With the holidays upon us, I look forward to being in Perth with as many of the family as can be there. It’s been a while since I had a good feed of turkey, having gone to Swiss Chalet for Thanksgiving, so I’m looking forward to some of Mom’s best work. I jokingly refer to “Walton’s Mountain”. The food, the fireplace, the love of family, the snow in the historic beauty of Perth – what’s not to look forward to? I count myself blessed indeed, considering how emotionally difficult the holidays can be for so many.

As for “the new millenium”, I’ve long been in the now growing camp that finally realizes the twenty-first century doesn’t start until 2001, but I’ll take fireworks whenever they’re offered! This 2000 craze misses the point that there was no Year Zero. As well, our calendar is so arbitrary – in a global sense it’s laughable - yet we virtually dictate to the world what year it ought to be. I wonder what year it is to, say, First Nations’ people or any number of other cultures around the world? The Jewish people are already at the Year 5670 (okay, so I read that in a Jewish newspaper editorial…I’m not that smart!)
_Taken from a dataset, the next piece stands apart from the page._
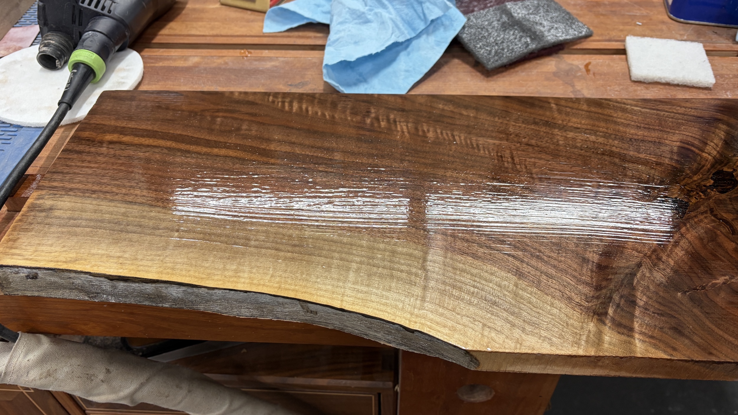Use a clean cotton rag, ideally old T-shirt material. Fold it into a palm-sized pad for control and even distribution. Or consider using Makrs Pads (Save 15% using our code TWW). While these are a little more expensive, the microfiber surface produces and exceptionally smooth finish when used with oils and I highly recommend them. See my quick review here.
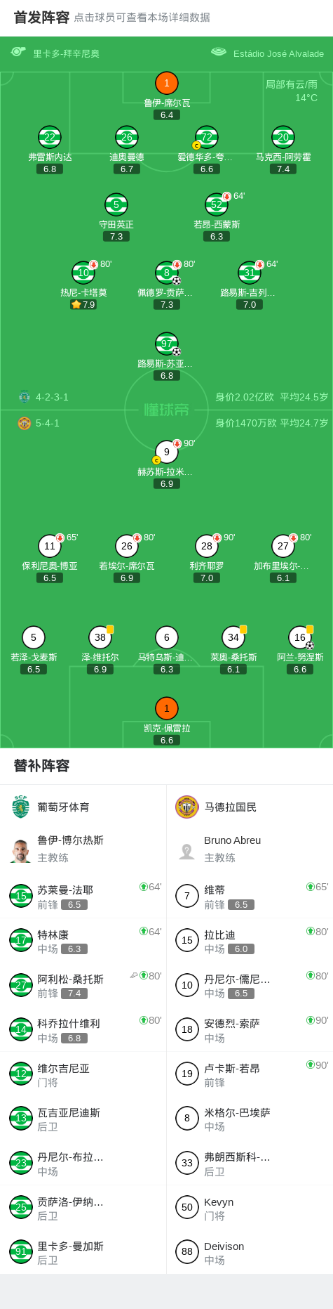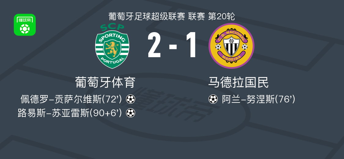 北京时间2月2日葡萄牙足球超级联赛 联赛 第20轮,葡萄牙体育主场对阵马德拉国民。葡萄牙体育佩德罗-贡萨尔维斯破门,路易斯-苏亚雷斯破门。马德拉国民阿兰-努涅斯破门。最终比分葡萄牙体育 2-1 马德拉国民。

It seems passing strange that so much money has been poured into fixing the Y2K problem – money spent by and for the same people who didn’t have the foresight to see that a two-digit year couldn’t last very long in a computer.

Stepping down from my soap-box(es), and beginning to listen to my Charlie Brown Christmas CD, I sincerely wish you all the best in the coming days, whatever the year, in whatever millenium - one sunrise and one sunset at a time!